What's wrong with Registry.GetValue?

I trying to get a registry value:
var value = Registry.GetValue(#"HKEY_LOCAL_MACHINE\SOFTWARE\Microsoft\Cryptography", "MachineGuid", 0);
In Windows XP all ok, but in Windows 7 returns 0. In HKEY_LOCAL_MACHINE\SOFTWARE\Microsoft\Cryptography using regedit I see MachineGuid, but if I run
var keys = Registry.LocalMachine.OpenSubKey("SOFTWARE").OpenSubKey("Microsoft").OpenSubKey("Cryptography", RegistryKeyPermissionCheck.ReadSubTree).GetValueNames();
keys.Length is 0.
What do I do wrong? With other values all ok in both of OS.
The problem is that you probably are compiling the solution as x86, if you compile as x64 you can read the values.
Try the following code compiling as x86 and x64:
class Program
{
static void Main(string[] args)
{
Console.WriteLine("MachineGUID:" + MachineGUID);
Console.ReadKey();
}
public static string MachineGUID
{
get
{
Guid guidMachineGUID;
if (Microsoft.Win32.Registry.LocalMachine.OpenSubKey("SOFTWARE\\Microsoft\\Cryptography") != null)
{
if (Microsoft.Win32.Registry.LocalMachine.OpenSubKey("SOFTWARE\\Microsoft\\Cryptography").GetValue("MachineGuid") != null)
{
guidMachineGUID = new Guid(Microsoft.Win32.Registry.LocalMachine.OpenSubKey("SOFTWARE\\Microsoft\\Cryptography").GetValue("MachineGuid").ToString());
return guidMachineGUID.ToString();
}
}
return null;
}
}
}
You can read more about Accessing an Alternate Registry View.
You can found in here a way of reading values in x86 and x64.
It probably has to do with UAC (User Account Control). The extra layer of protection for Windows Vista and Windows 7.
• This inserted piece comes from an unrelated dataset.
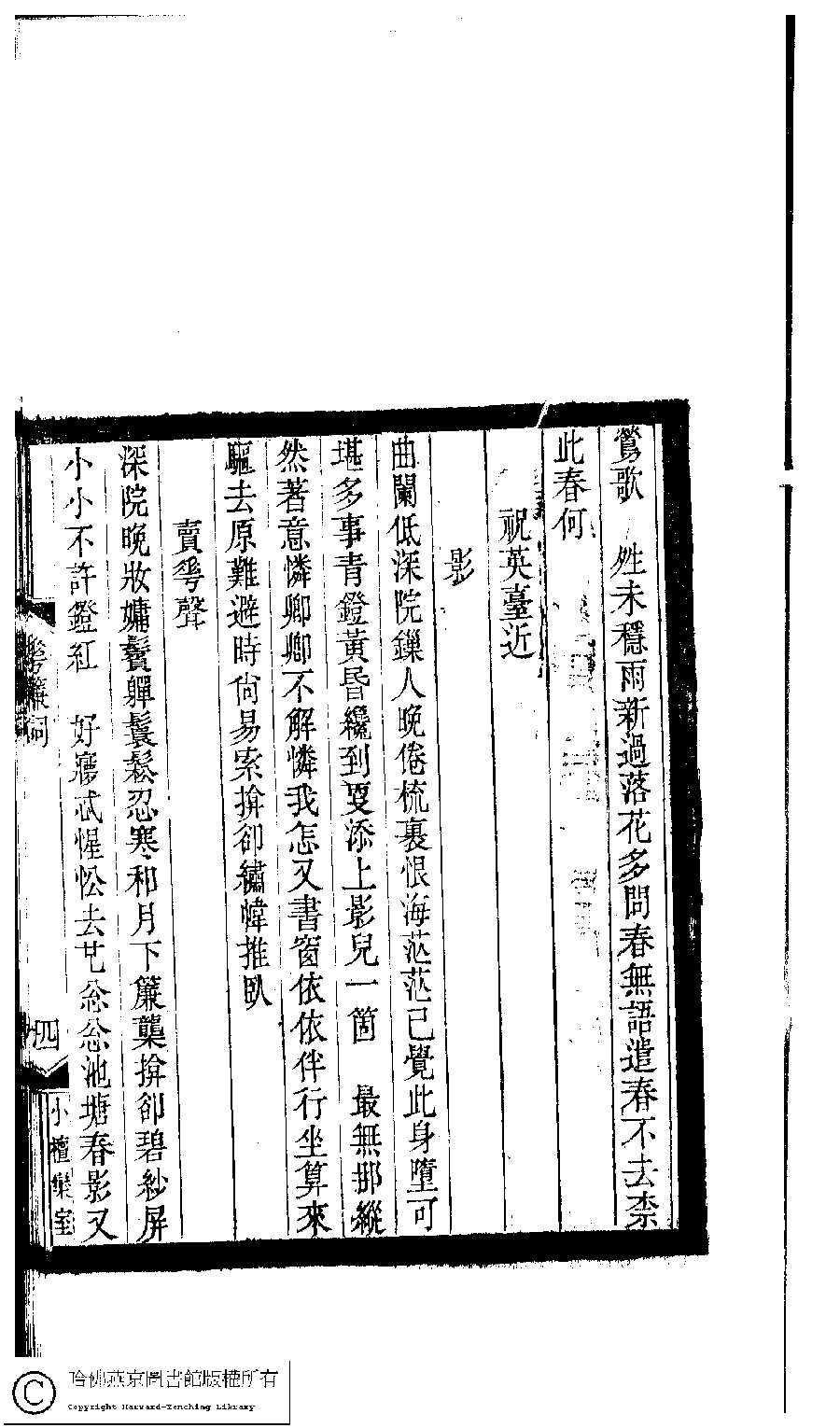 | (PRINT FRIENDLY VERSION) 小檀欒室彙刻閨秀詞﹕十集一百種一百卷(清徐乃昌輯) : 花簾詞﹕一卷。清光緒二十二年(1896)南陵徐氏刻本。 ![]() Page : 花簾詞.4b | click for larger image | 小檀欒室彙刻閨秀詞﹕十集一百種一百卷(清徐乃昌輯) : 花簾詞﹕一卷。清光緒二十二年(1896)南陵徐氏刻本。![]() Page : 花簾詞.4a | click for larger image | Back |

You'll need to request permissions to the registry.
EDIT:
Your code right now:
var keys = Registry.LocalMachine.OpenSubKey("SOFTWARE")
.OpenSubKey("Microsoft")
.OpenSubKey("Cryptography", RegistryKeyPermissionCheck.ReadSubTree)
.GetValueNames();
Only requests the permissions on the Cryptography subkey, maybe that causes the problem (at least I had that once), so the new code would then be:
var keys = Registry.LocalMachine.OpenSubKey("SOFTWARE", RegistryKeyPermissionCheck.ReadSubTree)
.OpenSubKey("Microsoft", RegistryKeyPermissionCheck.ReadSubTree)
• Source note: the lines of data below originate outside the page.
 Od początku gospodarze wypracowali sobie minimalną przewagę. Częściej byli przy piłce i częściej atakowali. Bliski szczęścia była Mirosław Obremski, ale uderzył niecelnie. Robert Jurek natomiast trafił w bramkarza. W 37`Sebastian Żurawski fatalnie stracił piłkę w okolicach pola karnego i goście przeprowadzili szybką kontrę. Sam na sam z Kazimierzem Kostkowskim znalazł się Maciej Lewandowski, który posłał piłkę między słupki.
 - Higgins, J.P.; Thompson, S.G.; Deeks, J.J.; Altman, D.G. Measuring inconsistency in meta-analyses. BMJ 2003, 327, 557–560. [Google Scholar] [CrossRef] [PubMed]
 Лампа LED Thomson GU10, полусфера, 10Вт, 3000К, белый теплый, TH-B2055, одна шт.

.OpenSubKey("Cryptography", RegistryKeyPermissionCheck.ReadSubTree)
.GetValueNames();
EDIT2:
I attached the debugger to it, on this code:
var key1 = Registry.LocalMachine.OpenSubKey("SOFTWARE", RegistryKeyPermissionCheck.ReadSubTree);
var key2 = key1.OpenSubKey("Microsoft", RegistryKeyPermissionCheck.ReadSubTree);
var key3 = key2.OpenSubKey("Cryptography", RegistryKeyPermissionCheck.ReadSubTree);
var key4 = key3.GetValueNames();
It turns out, you can read that specific value, at least that's my guess, because all data is correct, until I open key3, there the ValueCount is zero, instead of the expected 1.
I think it's a special value that's protected.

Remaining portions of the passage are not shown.